Establishing a system of “family rules” about personal safety can be a good way to teach children to distinguish between safe and non-safe situations. Many families already have rules about bedtime, Internet usage, TV watching, chores and so on.
By adopting rules about personal safety, parents can teach good habits through reinforcement and repetition without generating excessive fear. The following are suggestions for personal safety rules that can be incorporated into a family routine.
Kids should know their complete home address, telephone number including area code and parents’ first and last names. If kids are old enough to answer the phone, they should know how to call 9-1-1. Practice with the receiver button taped down. Kids should be taught never to reveal any personal (their name, school, age, etc.) or family information over the phone unless a parent has given permission.
If kids are home alone and answer a phone call for an absent parent, they should say “he or she can’t come to the phone right now”, and take a message or tell the caller to try later – don’t make excuses, they sound phony.
It’s okay not to answer the phone, or to work out a code (ring twice, hang up call again) so parents can check on a child that is home alone. Kids are old enough to answer the door when they are old enough to check the identity of the person at the door WITHOUT opening it. Kids should help their parents make sure doors that should be locked are locked.
Establish a system of accountability. Learn the full names of your kids’ friends, their parents’ names, addresses and phone numbers. Check to verify the accuracy if you get the information from your kids. When your child is at a friend’s home, who else is present? Parents? Older kids? Other neighbors? No one?
Know your child’s routes to and from school. Insist they stick to the same route – no shortcuts! If you have to look for them, you will know where to begin. Kids should be taught never to go anywhere with anyone without parental permission. This includes getting permission a second time if plans change and calling to check before going from one friend’s home to another location.
Kids should never play in isolated areas of parks or playgrounds, and should avoid public restrooms, building sites and dark streets. Teach kids alternatives; if they are bothered or followed on the playground, walking to friends’ home, school or store, where do they go? Walk these common routes with our child and look for choices. Can they go back into the school, in a store or business (kids are reluctant to enter a strange store or business unless given permission,) into a fire station or approach someone doing yard work?

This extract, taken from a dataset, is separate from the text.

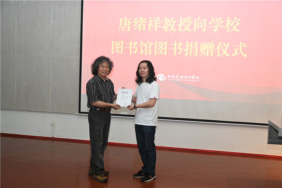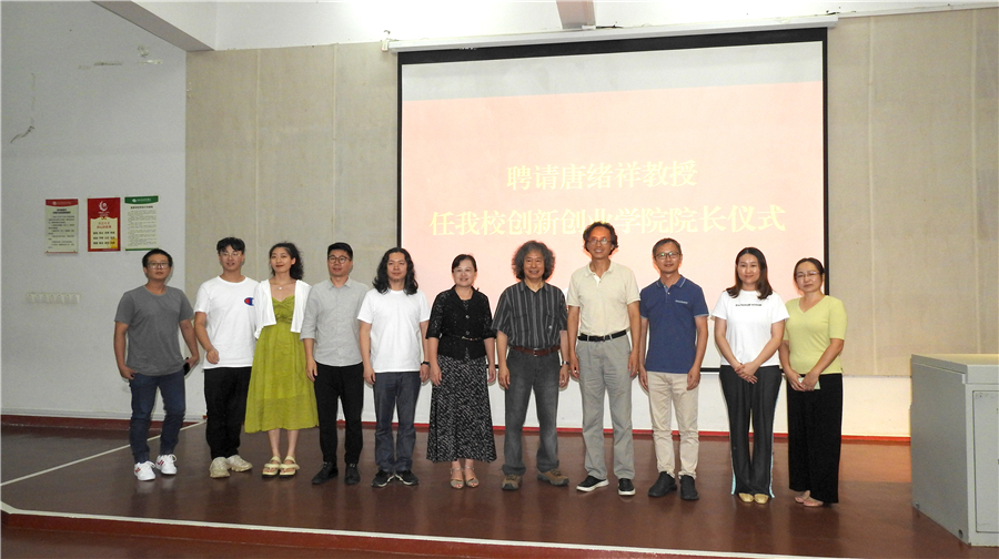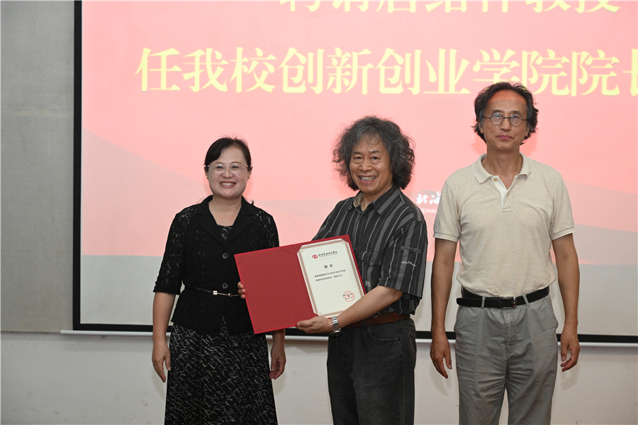 讲座正式开始前,学校党委书记张阳、校长卢新华为唐续祥教授颁发聘书,聘请他为我校创新创业学院院长。唐绪祥教授为我校图书馆捐赠图书,由我校副校长胡胜代表学校接收赠书。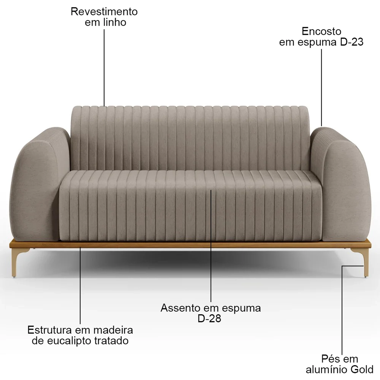 Um sofá para sala espaçoso e confortável é a peça principal do cômodo. Afinal, é onde podemos descansar assistindo uma boa série, filme favorito, ler, passar um tempo com família e amigos ou simplesmente ter o descanso merecido. Não é? Pois bem, por isso apresentamos o Sofá Molino! A princípio, ele possui base em madeira de eucalipto envernizada com pés em alumínio, estrutura em misto de madeira com MDF e OSB e a parte estofada é em espuma D-23 no encosto e espuma D-28 no assento. Além desses detalhes, também é revestido em linho bege, conferindo requinte e uma dose extra de durabilidade e resistência.

Knocking on the door of a stranger is a last resort. If they have no other choice they should look for a house with a light on (at night) or toys in the yard if possible and ask the homeowner to “please call the police, someone is bothering me”, but not to go inside the house. Kids’ best defenses are their voices and their legs. Teach them to runaway from someone who is bothering them while yelling to attract as much attention as possible. Have them practice yelling!
Teach kids not to approach cars that stop to ask for help. Most legitimate adults would not ask a young child for directions anyway. If the car follows them or the driver gets out they should run away and yell.
BAD GUYS RULES
Teach kids that “bad guys” can be anyone; society teaches kids bad guys are always ugly, mean and scary, and look like monsters. Bad guys are almost always portrayed as strangers and as men. Remember, a stranger is someone who is not known by the child. A friend of parents, a friend of the child’s friend or a neighbor can be a stranger. And a stranger can be a good guy or a bad guy.
Some bad guys act nice, friendly and are attractive. Some bad guys play tricks on kids. Typical bad guy tricks include bribes (money, toys, games, or promises of those things), lies (your mom told me to pick you up at school), requests for help (my puppy ran away, can you help me find him?), or threats (if you don’t come with me I’ll hurt your mom). Teach kids that a bad guy is someone who asks them to violate family rules, e.g. someone who says they don’t need permission to accompany them.